CHAIRPERSON JAMES: With that I'd like to proceed to our first briefing, and I would call, I think, Doug Seay. Commissioners, you know that Doug is on our staff. He has presented before this Commission before. He is coming before you today with a new job title, however. He is the Director of Policy, and he briefed us on lotteries in Boston and river boat casinos in Chicago. And today Doug has prepared a briefing on pari-mutuel gambling.

Doug, welcome.

MR. SEAY: Thank you, Chairman James.


MR. SEAY: I should start by saying that I'm opposed in principle to reading from prepared text, but I didn't have a chance to write anything else last night because Dr. Moore kept me out too late. So if there are any complaints, and I'm sure there will be, please direct them to him.

Now, this briefing today is on pari-mutuel gambling. Webster's defines it as "a betting pool in which those who bet on competitors finishing in the first three places share the total amount bet minus a percentage for the management." In other words, the familiar win, place and show. In the U.S. this sector of the gambling industry comprises horse racing, greyhound racing, and jai-alai, the latter being a game of Latin American origin sort of like handball. Of the three horse racing is by far the largest segment of the industry, with nearly $15 billion wagered in 1996, as opposed to $2.3 billion for greyhound racing, and $280 million for jai-alai. So quite a bit of difference between these three components of the industry.

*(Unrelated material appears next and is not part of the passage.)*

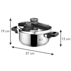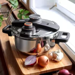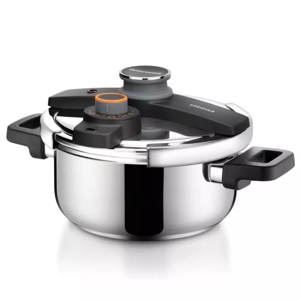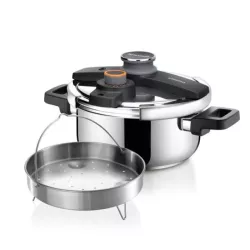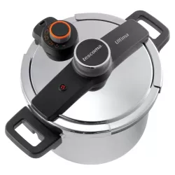 The Ultima pressure cooker by Tescoma offers a fast, safe and energy efficient way to prepare a wide range of dishes. The innovative IdealCook pressure regulator clearly indicates the correct pressure level depending on the food being cooked, including meat, fish, game, soups and vegetables, ensuring precise and consistent results. Equipped with four safety devices and a convenient one hand closing system, it provides excellent ease of use while cooking. Made of stainless steel with a sandwich base suitable for induction hobs, it also includes a basket for versatile cooking. By using the universal glass lid available separately, the pot can also be used as a regular casserole.

As a mature industry, pari-mutuels have not experienced the rapid growth in recent years as newer forms of legalized gambling have. The total amount wagered on all forms of pari-mutuel betting in 1996 was virtually unchanged from the previous year. This was caused, this lack of performance in increasing revenues has led a number of observers to characterize the industry as a whole as a dying one. I'm not sure that's accurate because that term masks large differences in fortune. Greyhound racing has experienced a fairly steep decline in recent years, dropping 11 percent in the amount wagered from the year 1995 to 1996. Jai-alai fell by 8 percent in the same period over a single year. This was looked upon as good news. I don't know how the drop of 8 percent is looked upon as good news, except for the proceeding years were so terrible. And when I saw that as good news I thought well, I finally figured out where the former managers of the General Motors have ended up. By contrast, the amount wagered on horse racing rose by 2.3 percent in the same year. So you can see very distinct differences in financial fortunes.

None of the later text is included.